Let’s try an example that makes a little more sense. The n command is useful in situations where you want to deal with “every other line”, that is, you skip one line, and do something with the other. For example, you have this file where each country name is written in en_US in odd lines, and in pt_BR in even lines:

Japan
Japão
Brazil
Brasil
United States
Estados Unidos

You want to add “(pt_BR)” after each line where the name is indeed in pt_BR.

$ sed 'n; s/.*/& (pt_BR)/' < countries.txt
Japan
Japão (pt_BR)
Brazil
Brasil (pt_BR)
United States
Estados Unidos (pt_BR)

And if you want to add “en_US” to the respective lines as well, we do:

$ sed 's/.*/& (en_US)/; n; s/.*/& (pt_BR)/' < countries.txt
Japan (en_US)
Japão (pt_BR)
Brazil (en_US)
Brasil (pt_BR)
United States (en_US)
Estados Unidos (pt_BR)

Let’s explain sed 'n; s/.*/& (pt_BR)/' first.

Sed reads “Japan” into PS. The command is n, so, Sed just prints it and reads the next line of input. Note that Sed doesn’t run the s command on “Japan” (because of the n command).

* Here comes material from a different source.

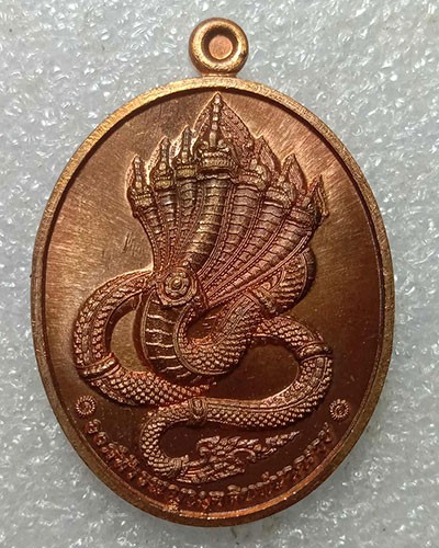 เหรียญท้าวพญามุจลินจ์นาคราช วัดถ้ำวังผาพญานาคราช อ.โขงเจียม จ.อุบลฯ เนื้อทองแดง หมายเลข ๗๗๒๐

Now “Japão” is in PS (again because of n) and the s command is run, causing “Japão” to become “Japão (pt_BR)”, and PS is printed. There are no more commands, so, Sed just restarts the cycle again.

“Brazil” is read into PS (which automatically replaces whatever was there). n is the command to be run, which causes PS to be printed and the next line of input to be read into PS, which causes PS now contain “Brasil”, which is the text that the s command operates on this time, turning “Brasil” into “Brasil (pt_BR)”. PS is once more printed.

The cycle starts once more for “United States”, which is simple printed, “Estados Unidos” is read into PS and operated on by the s command and then printed.

Note that every time sed reads a line into the PS, it will run any commands on the contents of the PS and then automatically print the PS unless the -n command line option is used.

As for 's/.*/& (en_US)/; n; s/.*/& (pt_BR)/', the process is very similar. First, “Japan” is read into PS. The command is s, which turns “Japan” into “Japão (en_US)”. Then n causes PS to be printed, and the next line of input to placed into PS (the old content of PS is gone by now). The current command is the second s, which replaces “Japão” with “Japão (pt_BR). PS is printed and the cycle starts again for “Brazil” and finally for “United States”.